A similar question has been asked recently, but is not the same.

The Mercurial website has a detailed page listing comparisons for 4 different options for getting Mercurial and Subversion to interoperate.

I am wondering if anyone out there has tried one or more of these, and could relate any really good or really bad experiences. The note on the hgsubversion download says

hgsubversion is an extension for Mercurial that allows using Mercurial as a Subversion client. Right now it is not ready for production use. You should only be using this if you're ready to hack on it, and go diving into the internals of Mercurial and/or Subversion.

which is about as inviting to me signs that say "Abandon hope, all ye who enter here" or "Trespassers will be arrested". So I'm just wondering if this or any of the other alternatives are worth trying for someone who doesn't have a lot of extra time to hack around.

+1  A: 

I've been using Subversion for several years, but I'm interested in trying out this distributed VCS idea. (I would like to use git, but it isn't so good on Windows which rules it out for use at my work. So I next would like to try Mercurial.)

I initially would like to push and pull with a Subversion server. So I tried option 1, hgsubversion. I'm on Ubuntu 9.04 (Jaunty) with hg 1.1.2. I followed the directions given on that web page. It all seemed to install fine. But when I tried the hg svnclone command, I got an "unknown command" error. Further digging showed that now you just do hg clone with the SVN URL prefixed by svn+. e.g.:

hg clone svn+https://server/svn/repo/

But then, I got an error message:

abort: could not import module encoding!

That seems to be a known bug, but after some fiddling around, I couldn't figure out what I'm meant to do to fix it.

Summary: option 1 currently not functional for me. The other options don't fit my desired work-flow.

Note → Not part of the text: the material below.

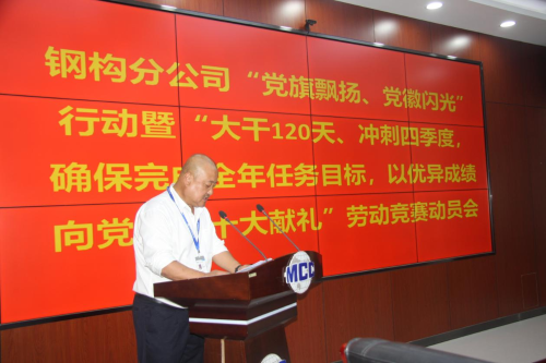 9月15日,鋼構(gòu)分公司黨委召開“黨旗飄揚(yáng)、黨徽閃光”行動(dòng)暨“大干120天、沖刺四季度,確保完成全年任務(wù)目標(biāo)以優(yōu)異成績(jī)向黨的二十大獻(xiàn)禮”勞動(dòng)競(jìng)賽動(dòng)員會(huì)。鋼構(gòu)分公司黨委書記、總經(jīng)理王志義發(fā)表講話,分公司紀(jì)委書記、副總經(jīng)理田廣林主持會(huì)議。

Update: I tried it again with Mercurial 1.2.1, and got the same result. Someone told me that the in-development mercurial-crew branch should work.

Craig McQueen
you need the latest versions of mercurial and hgsubversion. However - be careful with hgsubversion at the moment. It looks like there is a lot of refactoring going on
Nick R
Thanks. I added an update re 1.2.1 and mercurial-crew.
Craig McQueen
Yeah, you need Mercurial 1.3 -- the encoding module was added after 1.2.1 was released.
Martin Geisler
+2  A: 

I think hgsubversions author is being a bit paranoid. If you follow the README - meaning use suitably recent versions of mercurial and subversion - not whatever happens to be installed on or by your distro - then it actually works fairly well. Likewise, the documentation included is up to date; whereas what you find on the web may not be. I've been using it for a couple of weeks with reasonable - but not perfect - results.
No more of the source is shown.